Dave Fennell

No. 65
- Position: Defensive tackle

Personal information
- Born: February 4, 1953 (age 73) Edmonton, Alberta, Canada
- Listed height: 6 ft 3 in (1.91 m)
- Listed weight: 249 lb (113 kg)

Career information
- College: North Dakota

Career history
- 1974–1983: Edmonton Eskimos

Awards and highlights
- 6× Grey Cup champion (1975, 1978–1982); 2× Grey Cup MVP (1978, 1982); Dick Suderman Trophy (1982); CFL Most Outstanding Canadian (1979); 2× Dr. Beattie Martin Trophy (1979, 1980); 5× CFL All-Star (1977, 1978, 1979, 1980, 1981); 5× CFL West All-Star (1977, 1978, 1979, 1980, 1981); Edmonton Eskimos Wall of Honour (1984);
- Canadian Football Hall of Fame (Class of 1990)

= Dave Fennell =

Canadian gridiron football player (born 1952)

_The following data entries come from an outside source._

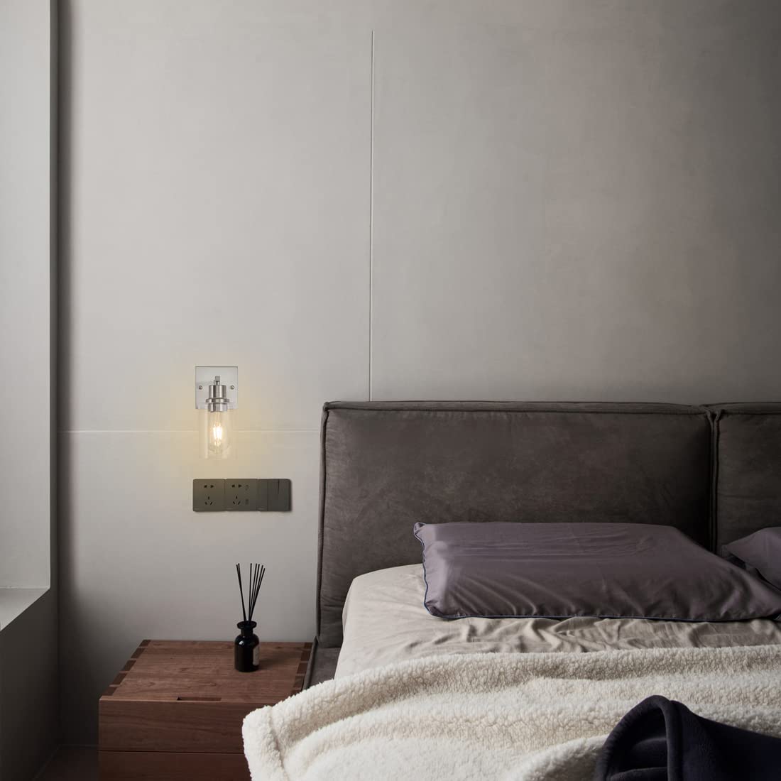 Filimitiy 1-Light Bathroom Light Fixtures, Brushed Nickel Vanity Light With Clear Glass Shade, Modern Wall Sconce For Mirror Bed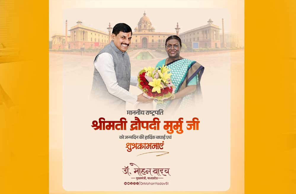राष्ट्रपति श्रीमती मुर्मु को मुख्यमंत्री डॉ. यादव ने जन्मदिन की शुभकामनाएं दीं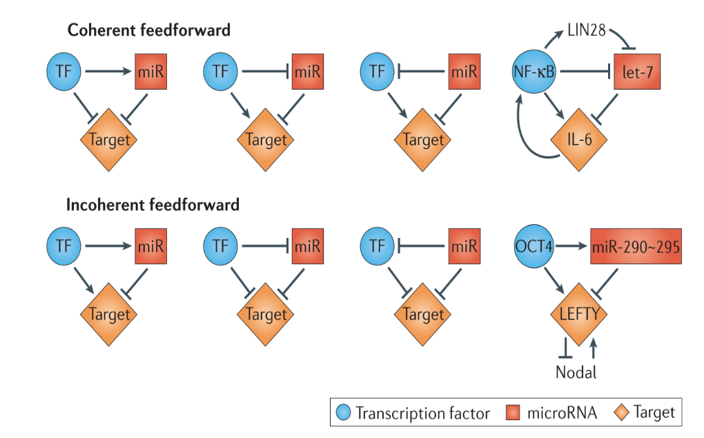 In transcription factor (TF)-miRNA feed-forward loops, TF and miRNA co-regulate the target genes. Specifically, feed-forward loops are classified into coherent and incoherent loops as illustrated in the figure below from Bracken, et al. 2016.

Dave Fennell (born February 4, 1953) is a Canadian former defensive lineman for the Edmonton Eskimos of the Canadian Football League (CFL). After graduating from the University of North Dakota in 1973, he played for Edmonton from 1974 to 1983, and helped lead the team to five straight Grey Cup championships from 1978 to 1982 as a key member of the "Alberta Crude" defence.

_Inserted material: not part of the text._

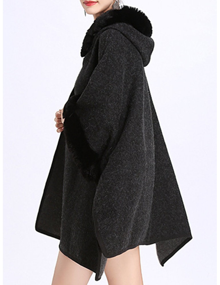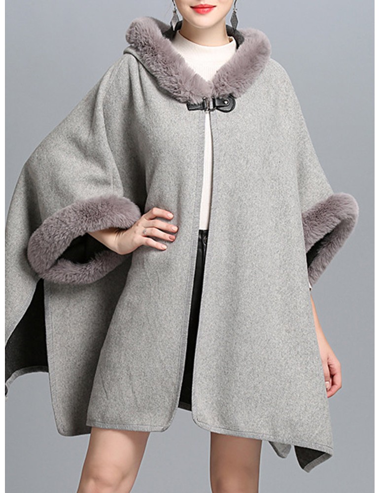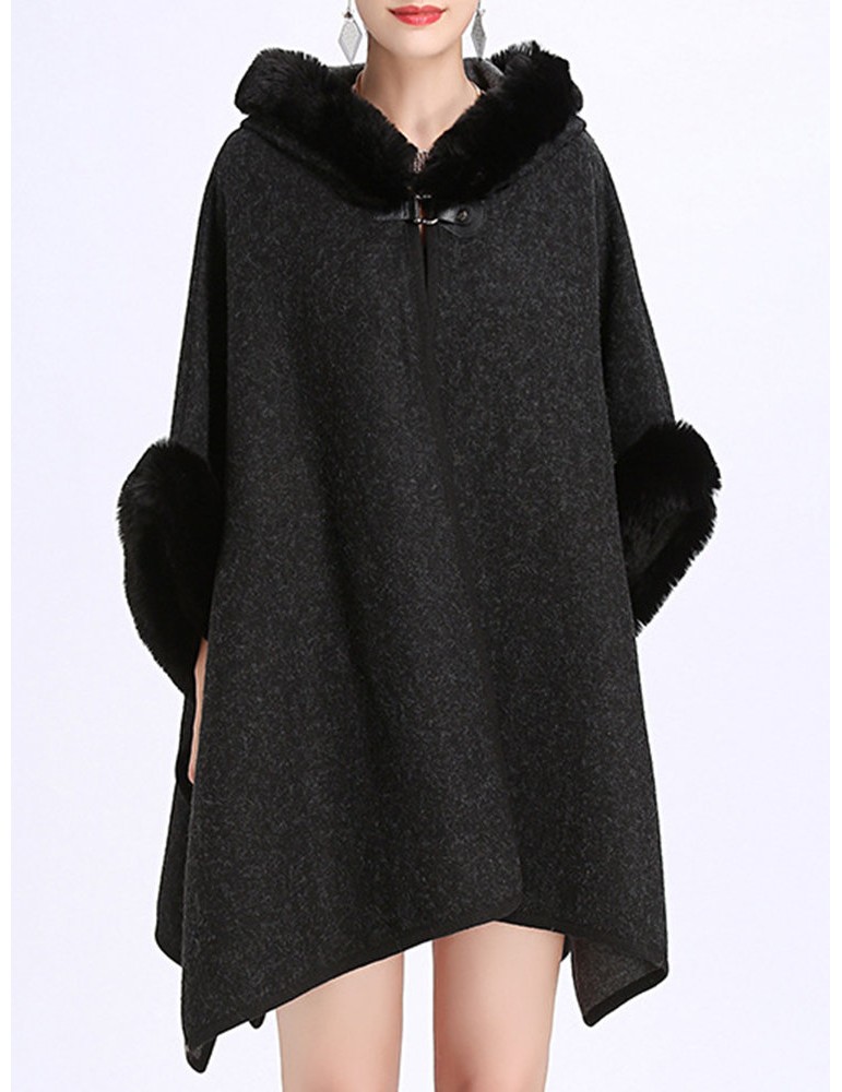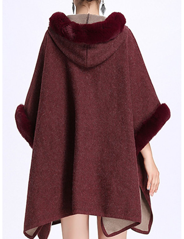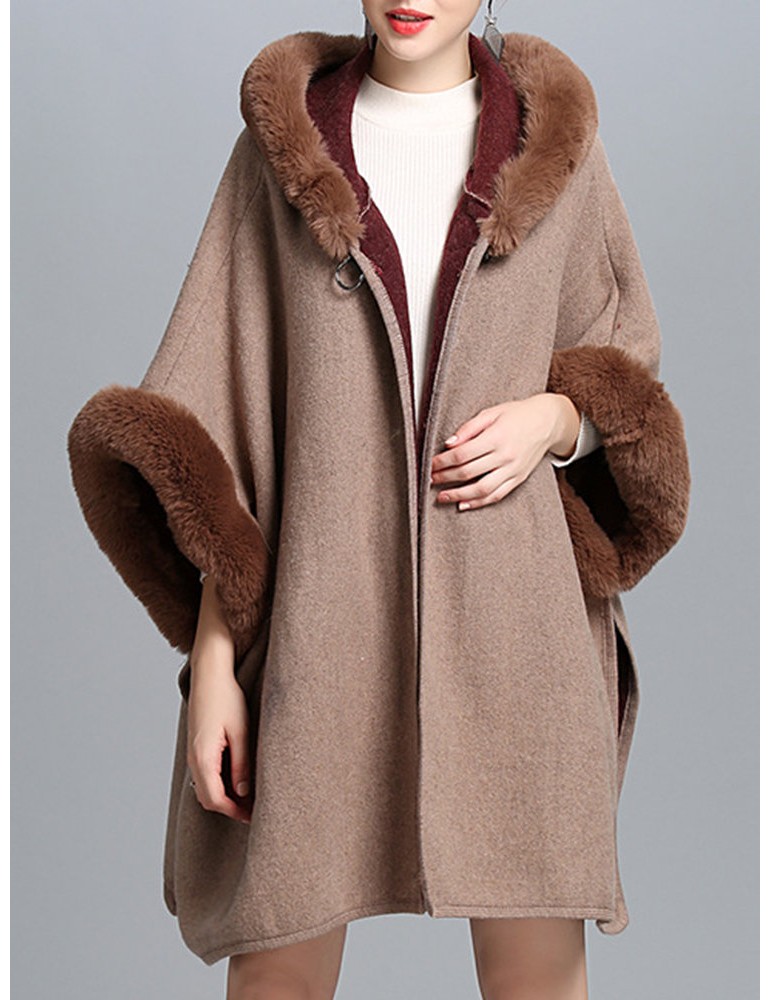 Elegant Faux Fur Patchwork Hooded Women Cloak Coats

Fennell was named CFL Most Outstanding Defensive Player in 1978, CFL Most Outstanding Canadian in 1979, and Defensive Star of the 1978 and 1982 Grey Cup games. He was a CFL and Western All-Star at defensive tackle from 1977 to 1981, and was runner-up for the Most Outstanding Canadian Award in 1980. His nickname was "Doctor Death".

Fennell is a member of the Canadian Football Hall of Fame and the Alberta Sports Hall of Fame. In November 2006, he was voted one of the CFL's Top 50 players (No. 24) of the league's modern era by Canadian sports network TSN.

Fennell earned a law degree from the University of Alberta in 1979. After retiring from football, he founded Golden Star Resources, which is a mining company that was focused on gold deposits in Guyana while he was working there. He was an executive vice-chairman and a director of Miramar Mining Corporation.

He is the father of John Fennell, a member of the Canadian luge team at the 2014 Winter Olympics in Sochi, Russia.